| Data provided |
Content starts

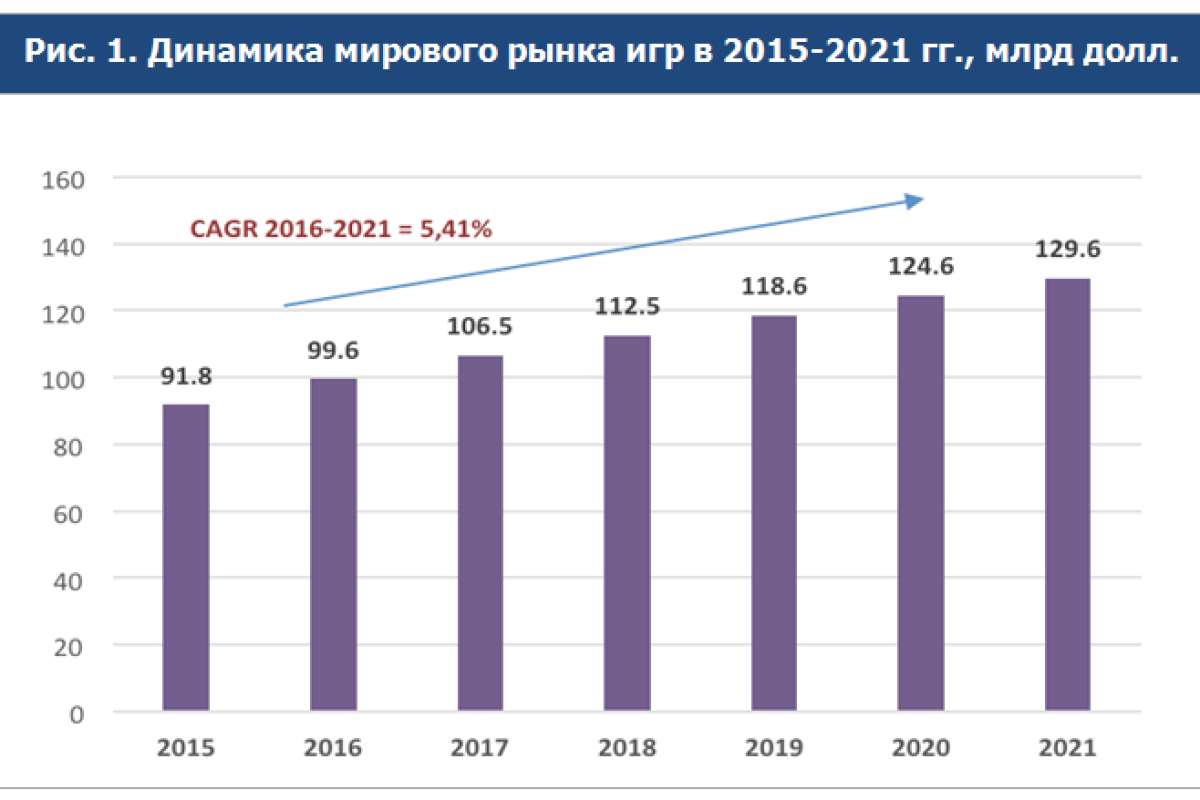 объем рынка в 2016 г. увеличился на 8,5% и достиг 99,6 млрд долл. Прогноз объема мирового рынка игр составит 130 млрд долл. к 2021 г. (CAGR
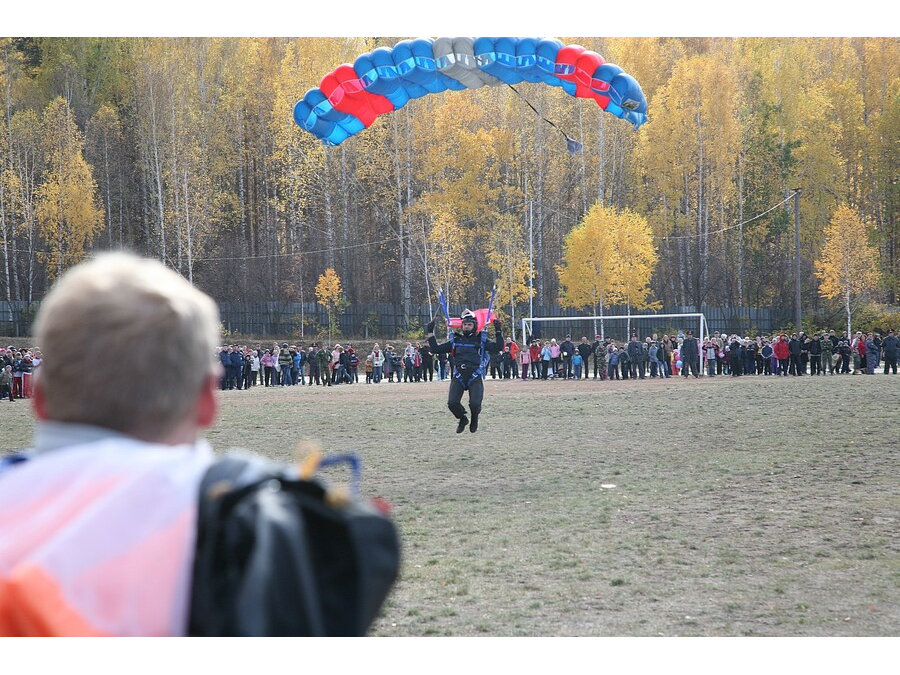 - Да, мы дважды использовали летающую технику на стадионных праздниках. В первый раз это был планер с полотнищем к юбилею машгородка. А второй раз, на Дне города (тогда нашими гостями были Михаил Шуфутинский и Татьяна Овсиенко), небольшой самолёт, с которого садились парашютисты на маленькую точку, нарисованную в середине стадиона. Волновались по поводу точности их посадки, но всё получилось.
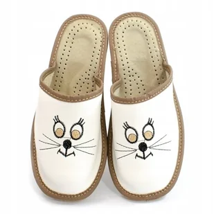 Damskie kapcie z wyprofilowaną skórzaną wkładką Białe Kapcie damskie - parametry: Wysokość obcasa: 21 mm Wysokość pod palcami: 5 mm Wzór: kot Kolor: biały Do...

Content ends
Content starts

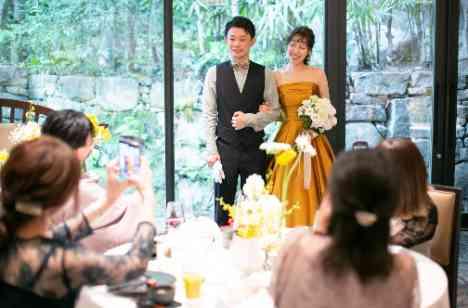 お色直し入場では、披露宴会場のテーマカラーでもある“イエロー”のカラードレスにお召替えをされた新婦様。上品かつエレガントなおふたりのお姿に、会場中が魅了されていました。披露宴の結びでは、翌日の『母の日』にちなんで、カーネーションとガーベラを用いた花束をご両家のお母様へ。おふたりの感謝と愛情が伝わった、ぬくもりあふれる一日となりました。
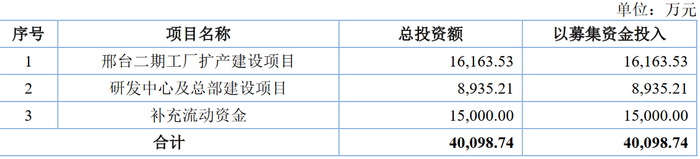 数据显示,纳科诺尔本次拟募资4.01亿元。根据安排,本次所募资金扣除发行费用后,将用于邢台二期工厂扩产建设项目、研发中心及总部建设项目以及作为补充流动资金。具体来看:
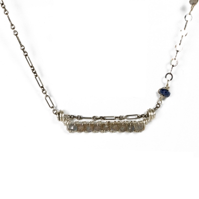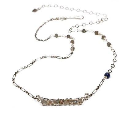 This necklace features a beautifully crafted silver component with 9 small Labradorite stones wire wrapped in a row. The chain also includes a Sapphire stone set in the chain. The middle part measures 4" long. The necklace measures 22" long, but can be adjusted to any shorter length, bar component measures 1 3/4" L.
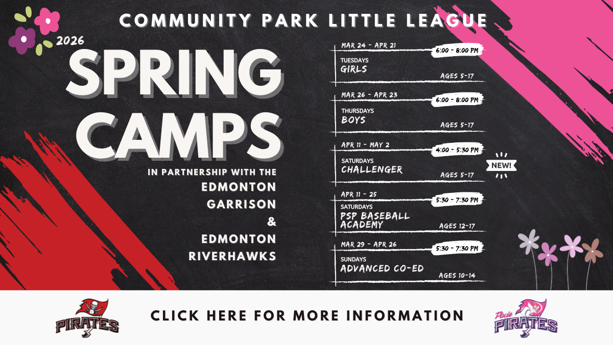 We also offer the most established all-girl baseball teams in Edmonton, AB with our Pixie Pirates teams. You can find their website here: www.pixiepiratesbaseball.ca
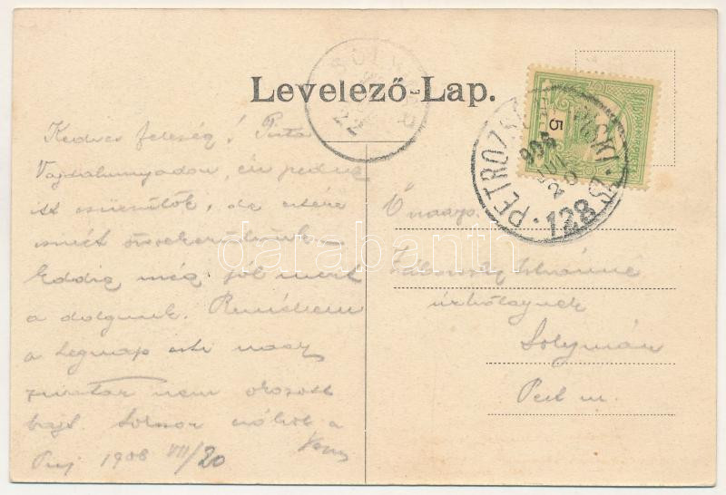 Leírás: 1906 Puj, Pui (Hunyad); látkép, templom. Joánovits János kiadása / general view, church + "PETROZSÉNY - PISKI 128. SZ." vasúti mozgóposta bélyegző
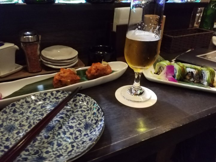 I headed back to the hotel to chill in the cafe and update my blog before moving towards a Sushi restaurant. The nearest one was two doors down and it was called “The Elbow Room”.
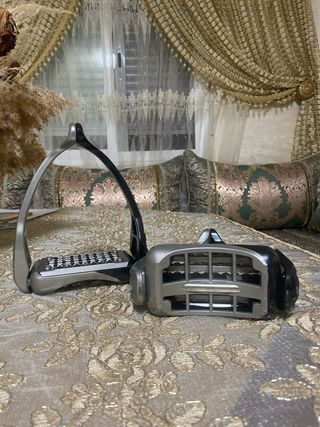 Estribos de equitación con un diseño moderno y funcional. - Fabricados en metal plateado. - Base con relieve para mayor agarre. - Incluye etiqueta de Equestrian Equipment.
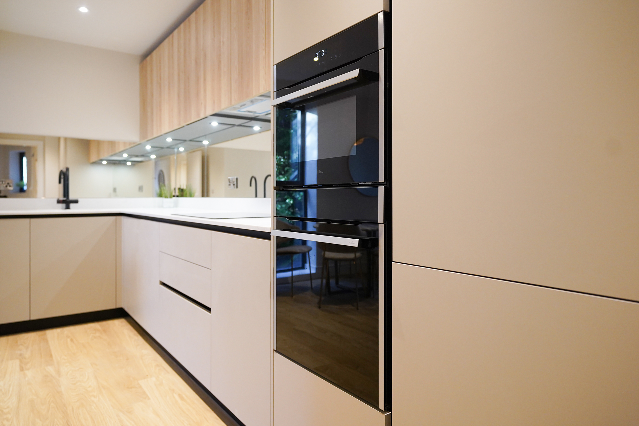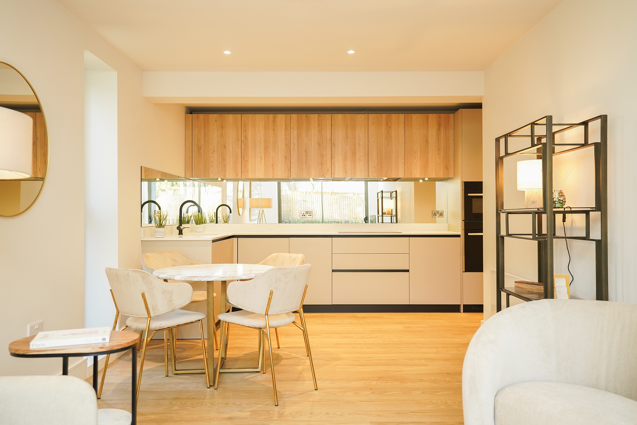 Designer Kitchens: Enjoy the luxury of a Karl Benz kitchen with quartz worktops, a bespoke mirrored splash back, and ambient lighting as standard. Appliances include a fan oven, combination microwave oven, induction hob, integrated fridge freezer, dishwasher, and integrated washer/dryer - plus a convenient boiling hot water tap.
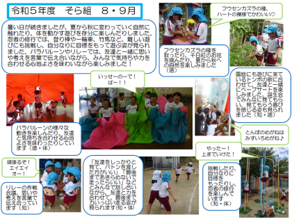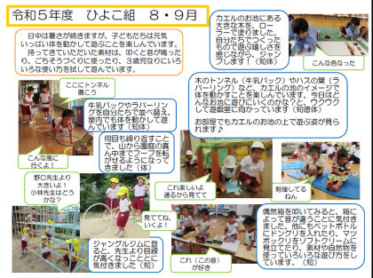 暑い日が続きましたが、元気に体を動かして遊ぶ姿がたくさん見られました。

Content ends
Content starts

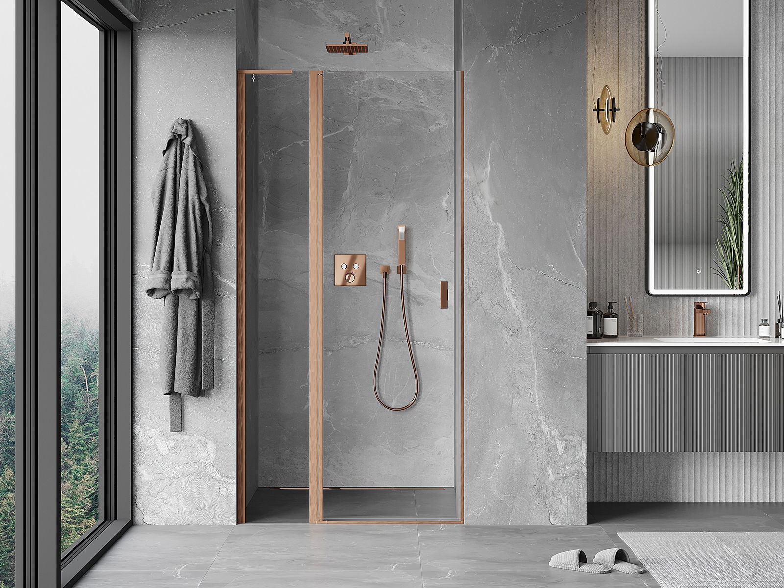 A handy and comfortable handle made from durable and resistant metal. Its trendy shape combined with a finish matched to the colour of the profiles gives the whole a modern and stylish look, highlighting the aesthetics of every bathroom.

Content ends

| Work instructions |
Print exactly the lines above that run from the one with "объем рынка в" to the one with "Damskie kapcie z", both included. No pictures.

| Written solution |
 объем рынка в 2016 г. увеличился на 8,5% и достиг 99,6 млрд долл. Прогноз объема мирового рынка игр составит 130 млрд долл. к 2021 г. (CAGR
 - Да, мы дважды использовали летающую технику на стадионных праздниках. В первый раз это был планер с полотнищем к юбилею машгородка. А второй раз, на Дне города (тогда нашими гостями были Михаил Шуфутинский и Татьяна Овсиенко), небольшой самолёт, с которого садились парашютисты на маленькую точку, нарисованную в середине стадиона. Волновались по поводу точности их посадки, но всё получилось.
 Damskie kapcie z wyprofilowaną skórzaną wkładką Białe Kapcie damskie - parametry: Wysokość obcasa: 21 mm Wysokość pod palcami: 5 mm Wzór: kot Kolor: biały Do...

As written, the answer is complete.